**TASK OBJECTIVE**
From the listing below, output the lines between the one with "This personalized washed" and the one with "1時間に使ってほしいセンテン", including those two, and nothing else. Pictures are not copied.

**THE DATA**
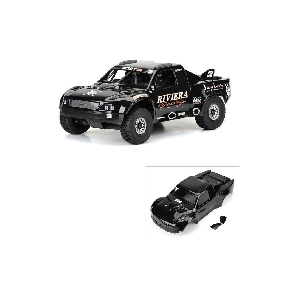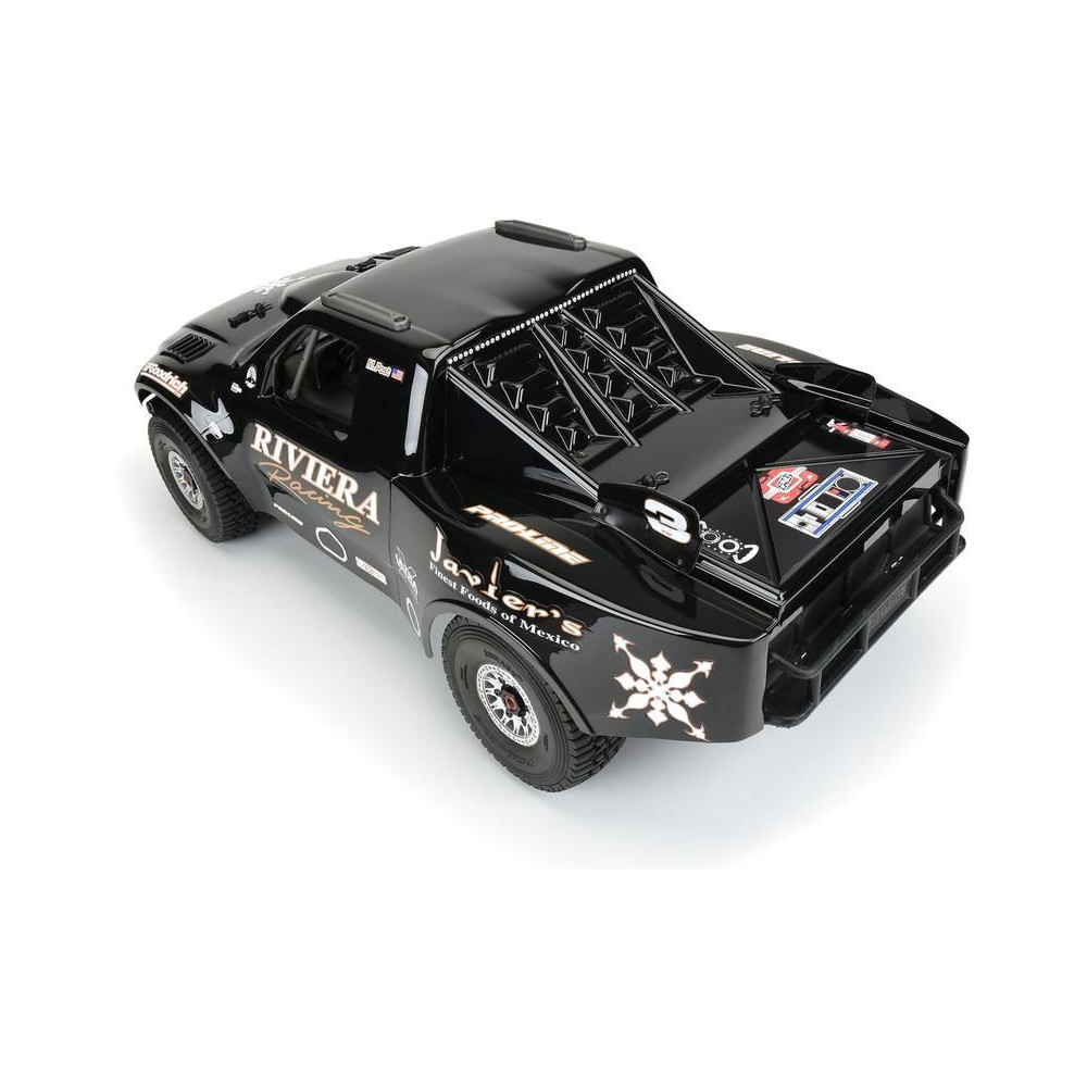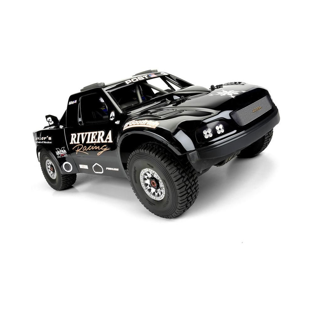 Az 1997-es Ford® F-150 "Riviera Edition" Tough Color Trophy Truck karosszériája az egyik leghíresebb Baja 1000 trófeakocsi, az 1997-es Ford® F-150 Riviera Racing "Black Diamond". Mostantól elérhető az 1:7 ARRMA® MOJAVE™ 6S RC modellhez! Az 1997-es Ford® F-150 egy legendás platform az Off-Road Trophy Truckok világában. A gyártó Pro-Line a lehető legnagyobb realizmussal örökítette meg Mark Post Riviera Racing teherautójának nosztalgikus és fenséges vonalvezetését. Az ikonikus Riviera Racing fekete színezését szponzori matricák, makett részletek és rendszámtáblák emelik ki. A karosszéria fekete polikarbonátból készült, festés nem szükséges. Egyszerűen használd az előre kivágott Riviera Racing matricákat, és helyezd fel őket a karosszériára. Használd a Mirage TT gumiabroncsokat (PRO1022410), hogy tökéletes legyen a stílus és a teljesítmény a továbbfejlesztett Mojave™ 6S teherautódon!
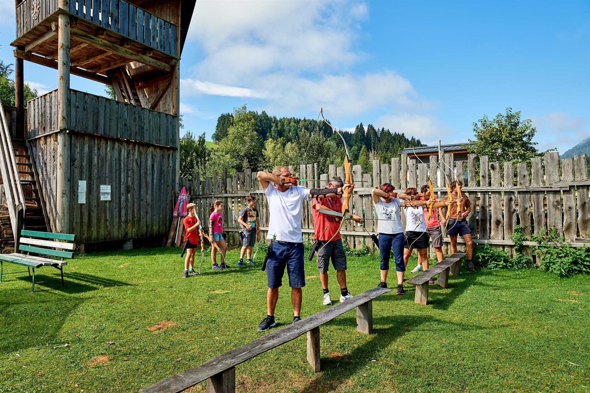 Sommer: Reiten, Fischen, Bogenschießen. Abwechslung und Gemütlichkeit, Ponywanderung, Traktorfahrt, Kletterwand. Am Dorfrand - freie Aussicht auf die umliegende Bergwelt, von 40.000 qm Wiese umgeben - viel Platz zum Herumtollen.
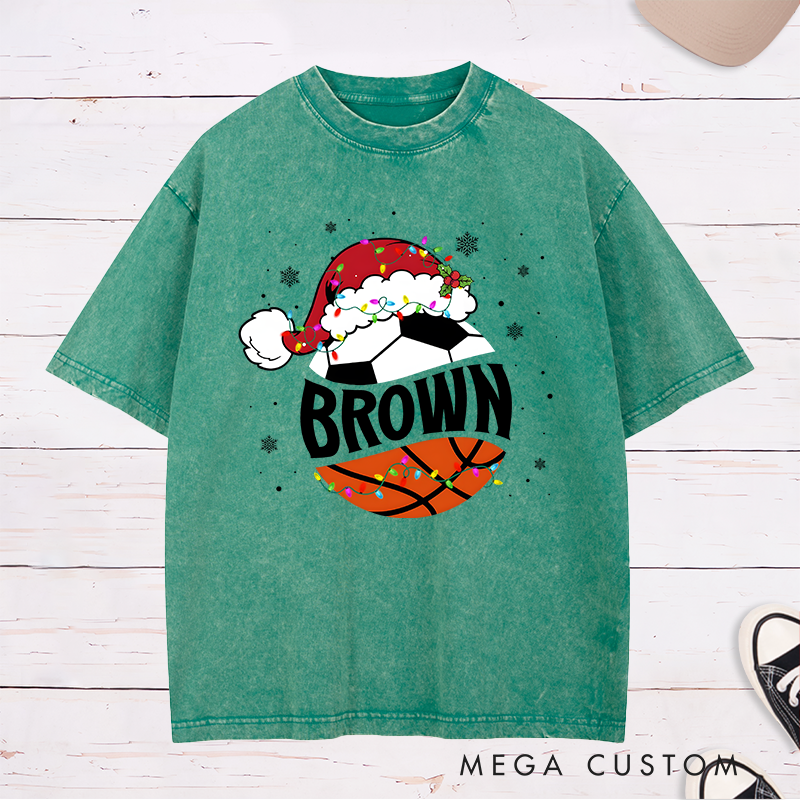 This personalized washed T-shirt is a perfect blend of holiday festivity and sports enthusiasm! Featuring a unique design with a basketball, soccer ball, Santa hat, and colorful string lights, it can be customized with your name for a personal touch. The washed fabric gives it a trendy, vintage look while ensuring softness and comfort for all-day wear. Ideal for holiday gatherings, sports events, or as a thoughtful Christmas gift for basketball and soccer fans. Celebrate the season in sporty style!
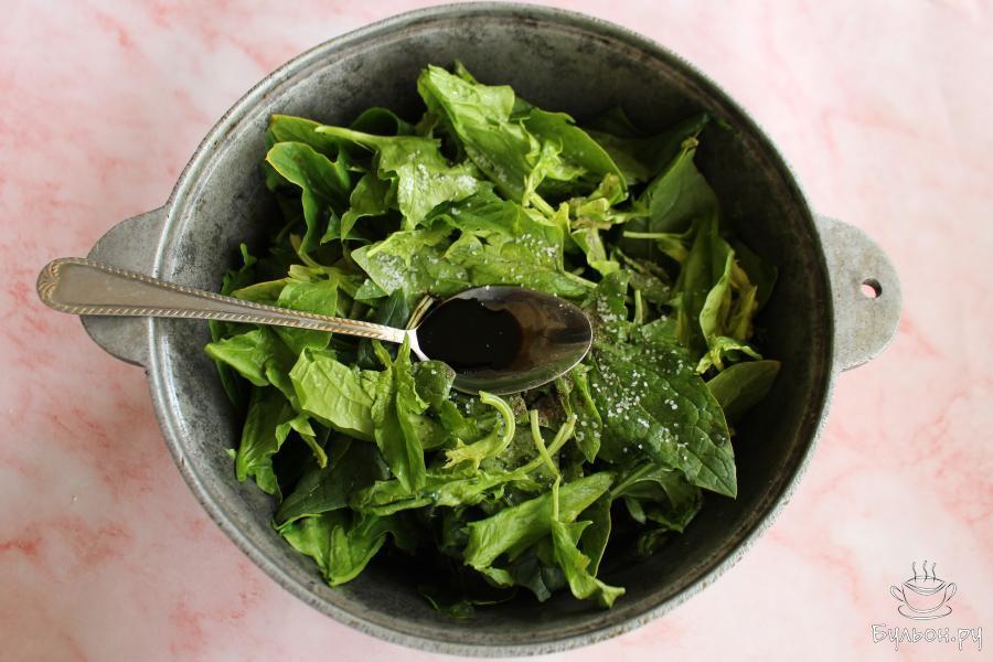 4. Выложить в казан промытый шпинат, добавить соевый соус и соль по вкусу. Перемешать и готовить блюдо минут пять. Если шпинат крупный, то нарезать его не очень мелко.
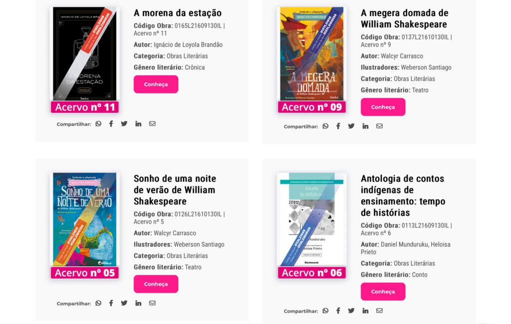 Com o intuito de promover a cultura de maneira ampla, diversas obras estão sendo disponibilizadas em diferentes formatos digitais, como PDF e EPUB3. Essa iniciativa busca facilitar o trabalho dos professores e a aprendizagem dos alunos, uma vez que muitos não tinham acesso aos livros físicos disponibilizados pelo governo ao longo dos anos, especialmente durante o período de quarentena, quando o COVID-19 estava se espalhando rapidamente.
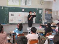 1時間に使ってほしいセンテンスは、ALTの先生と担任との簡単な会話で示し、児童が練習をしてから発話するようにしています。
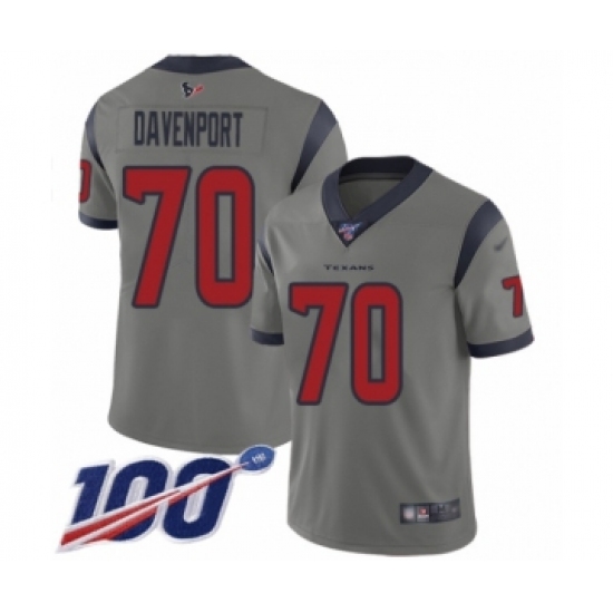 >Youth Houston Texans #70 Julien Davenport Limited Gray Inverted Legend 100th Season Football Jersey
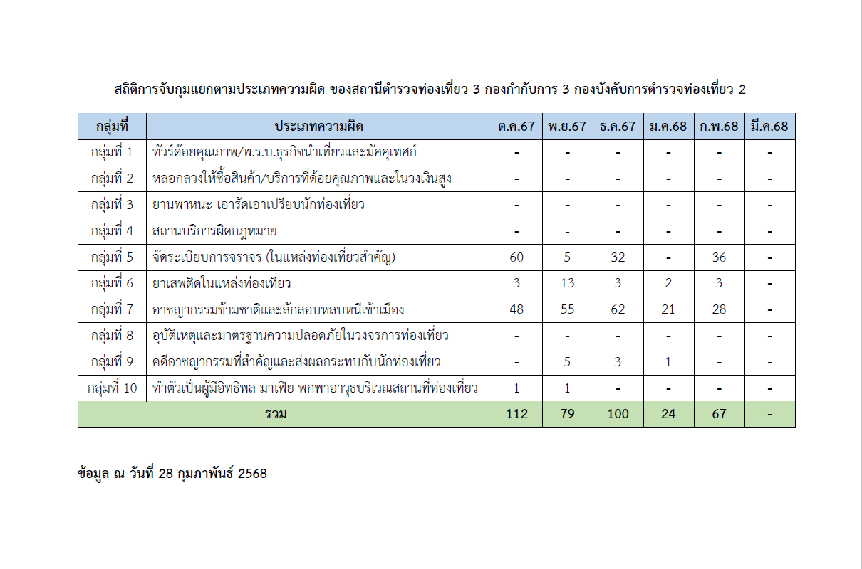 เขียนวันที่ 28 กุมภาพันธ์ 256826 เมษายน 2025สถิติการจับกุมแยกตามประเภทความผิด เดือน ก.พ.68 Click here Click here Click here

**RESULT BELOW**
 This personalized washed T-shirt is a perfect blend of holiday festivity and sports enthusiasm! Featuring a unique design with a basketball, soccer ball, Santa hat, and colorful string lights, it can be customized with your name for a personal touch. The washed fabric gives it a trendy, vintage look while ensuring softness and comfort for all-day wear. Ideal for holiday gatherings, sports events, or as a thoughtful Christmas gift for basketball and soccer fans. Celebrate the season in sporty style!
 4. Выложить в казан промытый шпинат, добавить соевый соус и соль по вкусу. Перемешать и готовить блюдо минут пять. Если шпинат крупный, то нарезать его не очень мелко.
 Com o intuito de promover a cultura de maneira ampla, diversas obras estão sendo disponibilizadas em diferentes formatos digitais, como PDF e EPUB3. Essa iniciativa busca facilitar o trabalho dos professores e a aprendizagem dos alunos, uma vez que muitos não tinham acesso aos livros físicos disponibilizados pelo governo ao longo dos anos, especialmente durante o período de quarentena, quando o COVID-19 estava se espalhando rapidamente.
 1時間に使ってほしいセンテンスは、ALTの先生と担任との簡単な会話で示し、児童が練習をしてから発話するようにしています。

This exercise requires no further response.